- REQUIRED ACTION -
First find the line with "Selebrasi Fajar Alfian/Lee" in the entries below, then set down exactly every line through the line with "Things will settle", that line included.

- DATA -
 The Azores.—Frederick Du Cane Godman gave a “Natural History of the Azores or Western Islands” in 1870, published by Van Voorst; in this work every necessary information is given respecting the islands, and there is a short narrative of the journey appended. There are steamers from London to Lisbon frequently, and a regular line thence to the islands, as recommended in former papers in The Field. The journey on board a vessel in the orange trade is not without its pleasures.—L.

...

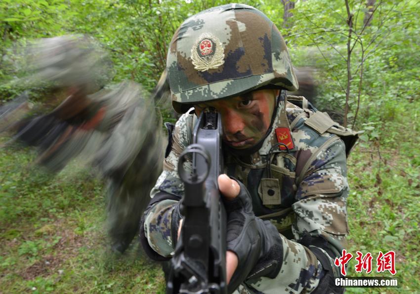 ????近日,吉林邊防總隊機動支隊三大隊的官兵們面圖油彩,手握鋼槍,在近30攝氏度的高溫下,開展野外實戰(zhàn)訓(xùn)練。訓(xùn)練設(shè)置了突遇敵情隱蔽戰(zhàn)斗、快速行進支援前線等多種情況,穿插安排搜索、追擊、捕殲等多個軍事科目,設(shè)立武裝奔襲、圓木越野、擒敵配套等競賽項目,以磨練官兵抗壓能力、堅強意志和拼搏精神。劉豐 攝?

* * *

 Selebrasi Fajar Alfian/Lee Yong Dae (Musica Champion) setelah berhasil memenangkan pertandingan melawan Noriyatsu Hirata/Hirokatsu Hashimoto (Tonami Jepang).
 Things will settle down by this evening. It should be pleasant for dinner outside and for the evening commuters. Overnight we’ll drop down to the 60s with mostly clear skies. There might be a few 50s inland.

- ANSWER FOR THE TASK -
 Selebrasi Fajar Alfian/Lee Yong Dae (Musica Champion) setelah berhasil memenangkan pertandingan melawan Noriyatsu Hirata/Hirokatsu Hashimoto (Tonami Jepang).
 Things will settle down by this evening. It should be pleasant for dinner outside and for the evening commuters. Overnight we’ll drop down to the 60s with mostly clear skies. There might be a few 50s inland.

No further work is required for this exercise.